The predictable response from the companies is that the system is not intended to reproduce copyrighted works, a desperate and blatant attempt to shift liability onto users under the safe harbor of Section 230, just as Instagram is not liable if you use a copyrighted song as the backing for a Reels. Here, coupled with the aforementioned admission that the company itself has ignored copyright from the start, this argument seems unlikely to gain traction.
What will the outcome of these lawsuits be? As with all things AI, it is simply impossible to predict in advance as there is little precedent or established principles that can be applied.
My prediction, again without any expertise, is that these companies will be forced to make public their training data and methods, which are obviously of evidentiary interest. Seeing these and their obvious misuse of copyrighted material, and (probably) communications indicating knowledge of the violations of the law, will likely prompt settlements or attempts to avoid court cases and/or swift judgments against Udio and Suno. They will also be forced to cease all operations relying on theft-based models. At least one in two will try to continue business using legal (or at least nearly legal) music sources, but the resulting models will be of such poor quality that users will flee.
Investors? Ideally, they would lose all their money on something that could be proven to be clearly illegal and unethical not only in the eyes of a servile authors association, but also in the eyes of the notoriously relentlessly litigious RIAA lawyers. Whether the damages amount to cash on hand or promised funding is anyone's guess.

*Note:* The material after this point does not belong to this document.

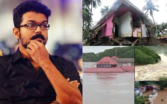 பிரபல திரைப்பட நடிகரான விஜய் வெள்ளத்தால் பாதிக்கப்பட்ட கேரள மக்களுக்காக 70 லட்சம் ரூபாய் நிதியுதவி கொடுத்துள்ளார்.

The consequences could be far-reaching. If investors who invested in a hot generative media startup suddenly see $100 million disappear due to the fundamental nature of generative media, suddenly a different level of caution seems appropriate. Companies will learn from trials (if there are any), settlement documents, etc. what they should have said, or perhaps more importantly, what they should not have said, to avoid liability and keep copyright holders guessing.
This lawsuit seems almost a foregone conclusion, but not all AI companies will be so free to leave their mark on the crime scene. This should be a lesson in hubris, not a how-to for prosecuting other generative AI companies or forcing them to pay settlements. It's good to have a lesson like this every once in a while, even if that lesson is the RIAA.